Die Wildnis und wir mittendrin
Kirchenkreiskonferenz Ansbach-Würzburg/Süd
Die erste Herausforderung an unserer Frühjahrs-Kirchenkreiskonferenz war, den Startpunkt anhand der Koordinaten zu finden. Von dort aus starteten wir eine Tour durch die Wildnis. Mit verbundenen Augen wurden wir ausgesetzt und mussten den Weg anhand von Markierungen finden. Verschiedene
Rätsel, Gegenstände und sonstige Hinweise führten uns zu unserem Jugendhaus. Dort angekommen wurden wir von
der Küche mit verschiedenen Leckereien empfangen.
Um uns besser kennenzulernen, nannten wir in einem kurzen Spiel den für uns wichtigsten Gegenstand zum Überleben in der Wildnis. Im Geschäftsteil gab es kurze Berichte über die Gemeinden und einen regen Austausch. Den restlichen Abend ließen wir mit Gesang und einer Andacht ausklingen.
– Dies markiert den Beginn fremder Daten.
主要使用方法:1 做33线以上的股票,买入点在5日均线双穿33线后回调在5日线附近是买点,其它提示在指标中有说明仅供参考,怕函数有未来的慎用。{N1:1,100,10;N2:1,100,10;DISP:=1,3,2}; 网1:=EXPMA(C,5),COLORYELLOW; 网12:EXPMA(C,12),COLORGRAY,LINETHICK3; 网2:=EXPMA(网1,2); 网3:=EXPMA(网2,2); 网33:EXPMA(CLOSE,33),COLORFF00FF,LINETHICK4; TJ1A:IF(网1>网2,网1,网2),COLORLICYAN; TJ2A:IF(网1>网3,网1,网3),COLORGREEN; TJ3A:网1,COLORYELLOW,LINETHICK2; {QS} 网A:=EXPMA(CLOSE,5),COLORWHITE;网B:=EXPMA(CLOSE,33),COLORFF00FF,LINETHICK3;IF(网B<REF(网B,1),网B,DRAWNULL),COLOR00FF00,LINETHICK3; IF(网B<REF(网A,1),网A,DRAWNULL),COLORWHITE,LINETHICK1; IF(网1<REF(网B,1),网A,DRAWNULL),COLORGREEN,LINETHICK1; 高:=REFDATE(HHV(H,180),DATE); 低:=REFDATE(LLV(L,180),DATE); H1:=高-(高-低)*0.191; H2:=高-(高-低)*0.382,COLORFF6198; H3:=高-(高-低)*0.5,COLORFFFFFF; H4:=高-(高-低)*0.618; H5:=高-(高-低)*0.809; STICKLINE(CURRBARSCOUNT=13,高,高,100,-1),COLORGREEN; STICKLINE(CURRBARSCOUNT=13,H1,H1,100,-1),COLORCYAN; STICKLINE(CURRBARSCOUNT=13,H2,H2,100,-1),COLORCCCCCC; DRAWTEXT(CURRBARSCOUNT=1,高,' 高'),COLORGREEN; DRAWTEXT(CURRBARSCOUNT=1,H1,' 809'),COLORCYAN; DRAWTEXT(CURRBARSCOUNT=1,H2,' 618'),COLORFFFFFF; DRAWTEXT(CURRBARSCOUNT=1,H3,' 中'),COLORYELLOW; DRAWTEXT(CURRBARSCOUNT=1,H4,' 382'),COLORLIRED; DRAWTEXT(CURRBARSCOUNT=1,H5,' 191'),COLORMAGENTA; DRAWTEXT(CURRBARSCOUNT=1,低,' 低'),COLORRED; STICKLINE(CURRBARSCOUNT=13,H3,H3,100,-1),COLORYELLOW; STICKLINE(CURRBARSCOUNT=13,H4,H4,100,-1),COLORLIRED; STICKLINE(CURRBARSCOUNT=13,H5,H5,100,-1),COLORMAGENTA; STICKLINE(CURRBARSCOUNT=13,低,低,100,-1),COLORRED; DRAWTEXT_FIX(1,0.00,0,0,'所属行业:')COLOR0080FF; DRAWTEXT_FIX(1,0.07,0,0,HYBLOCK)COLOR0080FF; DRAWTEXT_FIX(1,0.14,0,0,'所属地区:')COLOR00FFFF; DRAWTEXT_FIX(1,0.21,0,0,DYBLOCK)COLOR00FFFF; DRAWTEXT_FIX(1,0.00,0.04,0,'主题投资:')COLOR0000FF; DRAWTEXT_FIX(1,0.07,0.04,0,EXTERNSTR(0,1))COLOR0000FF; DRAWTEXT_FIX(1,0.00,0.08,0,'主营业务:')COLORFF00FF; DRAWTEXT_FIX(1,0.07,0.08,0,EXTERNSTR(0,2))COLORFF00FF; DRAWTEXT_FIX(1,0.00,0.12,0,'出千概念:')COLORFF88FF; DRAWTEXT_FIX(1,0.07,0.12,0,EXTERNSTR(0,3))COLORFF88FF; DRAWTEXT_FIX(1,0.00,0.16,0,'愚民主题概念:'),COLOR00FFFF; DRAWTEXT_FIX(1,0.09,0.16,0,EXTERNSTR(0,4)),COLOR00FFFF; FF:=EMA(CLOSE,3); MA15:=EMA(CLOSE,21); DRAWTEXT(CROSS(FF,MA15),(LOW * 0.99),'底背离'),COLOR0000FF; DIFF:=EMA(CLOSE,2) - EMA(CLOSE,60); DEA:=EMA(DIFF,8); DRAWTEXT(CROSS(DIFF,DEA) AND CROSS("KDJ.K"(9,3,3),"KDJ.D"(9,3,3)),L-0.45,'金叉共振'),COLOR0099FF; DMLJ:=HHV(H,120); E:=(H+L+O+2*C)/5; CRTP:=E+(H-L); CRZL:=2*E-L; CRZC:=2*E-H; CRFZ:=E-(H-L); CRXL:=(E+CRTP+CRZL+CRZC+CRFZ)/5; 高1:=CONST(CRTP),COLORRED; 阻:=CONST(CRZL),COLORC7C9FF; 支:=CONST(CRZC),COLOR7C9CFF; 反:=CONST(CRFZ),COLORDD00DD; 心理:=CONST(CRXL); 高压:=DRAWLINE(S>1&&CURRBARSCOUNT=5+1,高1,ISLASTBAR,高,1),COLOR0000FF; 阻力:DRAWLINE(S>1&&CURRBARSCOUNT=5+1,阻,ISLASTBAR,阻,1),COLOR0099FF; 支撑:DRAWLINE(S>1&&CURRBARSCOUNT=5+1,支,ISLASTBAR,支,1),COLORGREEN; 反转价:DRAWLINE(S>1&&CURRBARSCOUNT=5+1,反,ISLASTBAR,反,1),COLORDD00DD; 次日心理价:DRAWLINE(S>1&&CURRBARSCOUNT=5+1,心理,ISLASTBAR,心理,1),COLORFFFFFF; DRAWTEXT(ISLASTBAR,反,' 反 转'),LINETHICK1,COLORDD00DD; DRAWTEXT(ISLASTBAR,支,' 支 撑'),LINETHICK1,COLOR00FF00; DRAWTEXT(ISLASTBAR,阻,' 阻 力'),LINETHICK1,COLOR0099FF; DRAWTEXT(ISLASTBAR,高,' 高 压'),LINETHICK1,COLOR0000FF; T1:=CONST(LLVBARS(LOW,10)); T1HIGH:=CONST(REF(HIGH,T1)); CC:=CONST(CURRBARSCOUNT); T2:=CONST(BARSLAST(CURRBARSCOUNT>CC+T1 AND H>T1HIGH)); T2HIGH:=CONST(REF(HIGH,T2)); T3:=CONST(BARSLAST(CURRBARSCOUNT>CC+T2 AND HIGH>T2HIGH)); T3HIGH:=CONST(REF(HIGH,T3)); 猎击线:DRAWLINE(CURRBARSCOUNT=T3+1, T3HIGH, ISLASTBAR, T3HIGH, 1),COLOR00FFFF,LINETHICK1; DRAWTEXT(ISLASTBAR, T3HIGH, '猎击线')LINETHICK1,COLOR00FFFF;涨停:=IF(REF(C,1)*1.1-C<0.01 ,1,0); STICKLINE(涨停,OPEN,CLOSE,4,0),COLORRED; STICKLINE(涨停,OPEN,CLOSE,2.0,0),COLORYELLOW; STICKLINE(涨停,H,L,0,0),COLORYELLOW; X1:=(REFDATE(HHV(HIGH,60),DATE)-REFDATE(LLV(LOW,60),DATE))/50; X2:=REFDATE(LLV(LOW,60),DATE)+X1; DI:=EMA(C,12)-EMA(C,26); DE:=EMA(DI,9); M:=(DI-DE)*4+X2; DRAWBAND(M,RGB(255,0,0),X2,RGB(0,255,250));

Feuer machen – Kräuter sammeln – Waldbaden
Am nächsten Morgen begannen wir mit einer Andacht. Danach gab es ein großes Frühstücksbuffet. Gut gestärkt gingen wir
in verschiedene Workshops. Von Feuer machen, Kräuter sammeln und Waldbaden bis über Knotenkunde war alles dabei. Nach einer kurzen Verschnaufpause startete Runde zwei der Workshops. Hierbei wurden verschiedene Unterschlupfmöglichkeiten für die Nacht gebaut.
In der Natur einschlafen
Nach dem Mittagessen lernten wir die Naturspiritualität näher kennen. Wir machten uns auf den Weg zu einem tiefgreifenden
Schwellengang und teilten unsere Erfahrungen im Council. Danach wurden wir zu einem Waldworship-Gottesdienst eingeladen.
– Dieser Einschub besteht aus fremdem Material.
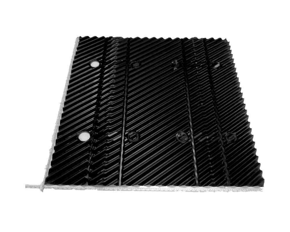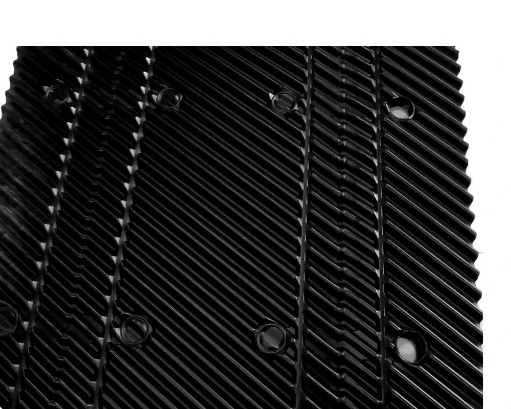 冷卻塔塔芯填料是由優(yōu)質(zhì)PVC聚乙烯片正負壓及吸塑而成,主要采用了水紋波形、梯形波、點波形、S波型、人字波形填料,散熱面積增長系數(shù)大,水流在板面上分布性能好,水和空氣流經(jīng)板面時擾動大等優(yōu)點。填料不易變形,耐高溫,抗老化,且阻燃性能好,風阻系數(shù)小。安裝方便,易清洗,運輸方便該散熱填料采用粘接式及懸掛式,安裝簡便,便于清洗,且成功解決了粘接填料因吸積垢、自重而產(chǎn)生變形,且變形后積垢更加嚴重、難于清洗的問題。填料阻燃性能好,阻燃氧指數(shù)指標為42.7,每立方米組裝體質(zhì)量約為15 kg—30kg/m3,組裝高度為0.5m—3.0m,交錯布置,對于塔壁周邊異形塊可視現(xiàn)場布置情況,按實際尺寸切割、安裝。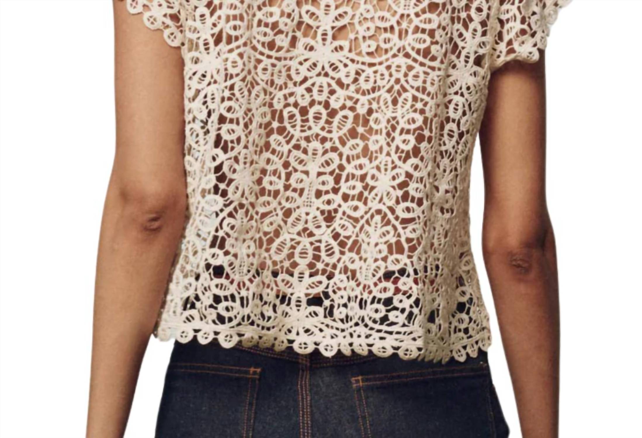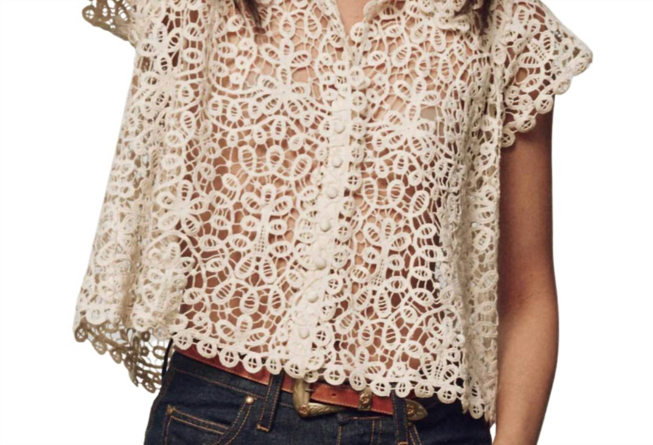 Uma blusa versátil que pode ser usada do escritório ao jantar! O GRANDE. O topo da treliça Algodão em Creme Blusa de renda pesada intrincada Padrão vazado Bordas de renda recortadas Manga curta com pala De colarinho Ajuste quadrado Forro de viscose Botões auto-cobertos Tamanho 1 Comprimento 21"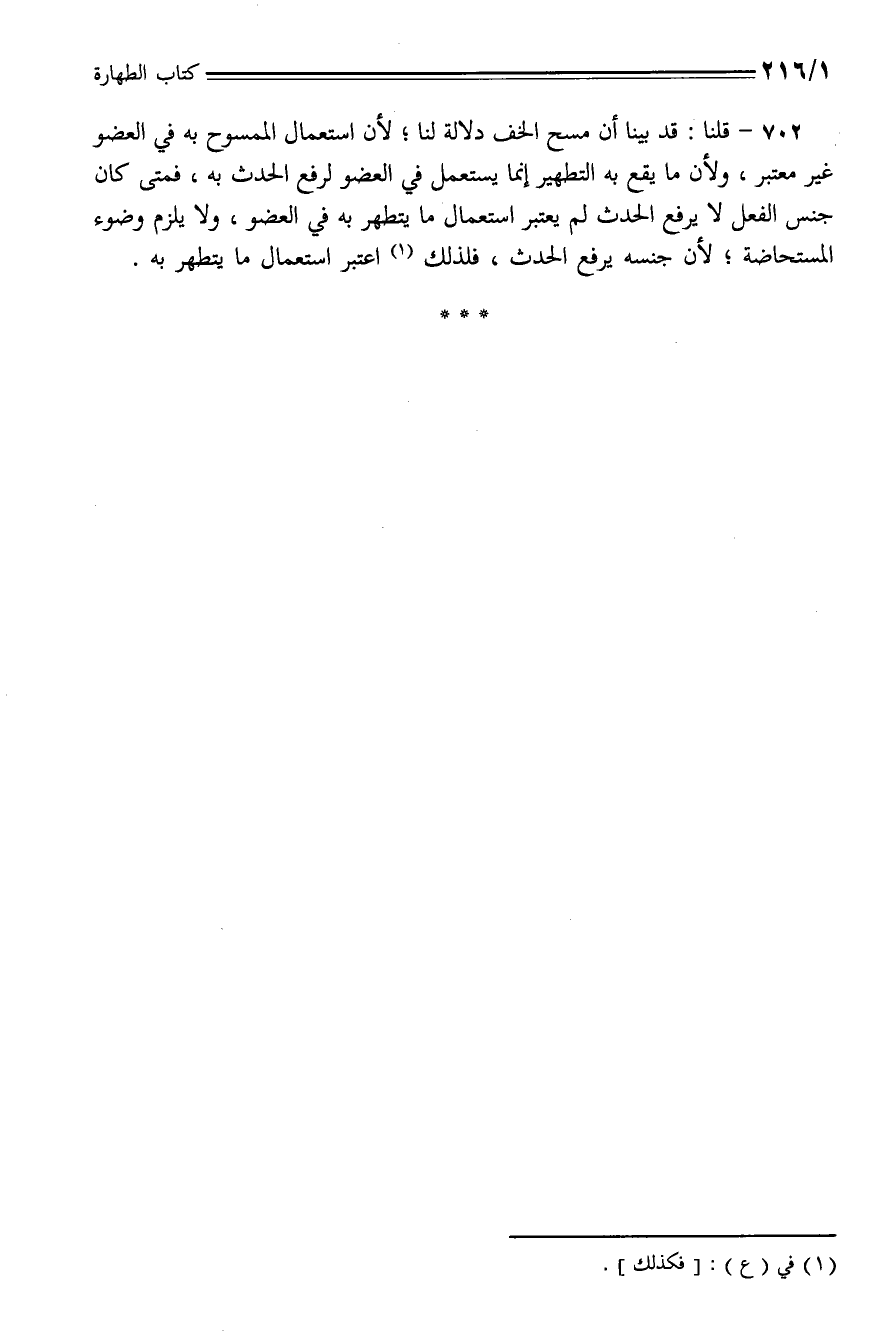 702 - قلنا: قد بينا أن مسح الخف دلالة لنا؛ لأن استعمال الممسوح به في العضو غير معتبر، ولأن ما يقع به التطهير إنما يستعمل في العضو لرفع الحدث به، فمتى كان جنس الفعل لا يرفع الحدث لم يعتبر استعمال ما يتطهر به في العضو، ولا يلزم وضوء المستحاضة؛ لأن جنسه يرفع الحدث، فلذلك اعتبر استعمال ما يتطهر به.

Am Abend nach dem Essen gingen wir zu unseren Sheltern im Wald. Dort angekommen wurden die Wildnis-Camper mit einem Segen verabschiedet. Nun hieß es, die Stille der Nacht zu genießen und in der Natur einzuschlafen. Am nächsten Morgen begaben wir uns bei Sonnenaufgang auf den Rückweg. Am Lagerfeuerplatz wurden wir mit Marshmallows und Punsch empfangen. Das wärmte uns nach der kalten Nacht gut auf.
Im Anschluss stand das Reflektieren im Vordergrund. In mehreren Runden tauschten wir uns über das Erleben in der Natur, die eigenen entstandenen Emotionen und was das mit Spiritualität zu tun hat aus. Wir überlegten, was wir davon gerne vor Ort mit anderen ausprobieren würden und wie das gelingen kann. Im letzten Schritt der Reflexion gaben wir Rückmeldung zum ganzen Wochenende, dabei nahmen wir die Gruppe, die Rahmenbedingungen und das Programm in den Blick.
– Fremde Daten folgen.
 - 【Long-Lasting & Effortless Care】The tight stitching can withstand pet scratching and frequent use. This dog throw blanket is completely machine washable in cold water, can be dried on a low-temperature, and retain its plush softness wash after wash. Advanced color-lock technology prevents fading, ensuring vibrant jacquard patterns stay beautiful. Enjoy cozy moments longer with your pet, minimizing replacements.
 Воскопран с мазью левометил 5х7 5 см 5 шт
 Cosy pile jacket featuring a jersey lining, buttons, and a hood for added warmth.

Das Thema rundete dann der knapp 10-minütige Film ab, der aus dem im Geländespiel am ersten Abend entstandenen Rohmaterial von Hendrik Jarallah, Dekanatsjugendreferent An Sulzach und Wörnitz, geschnitten wurde.
Nach dem Aufräumen, Putzen und dem tolkienesken Abschlusssegen machten wir uns beseelt auf den Nachhauseweg.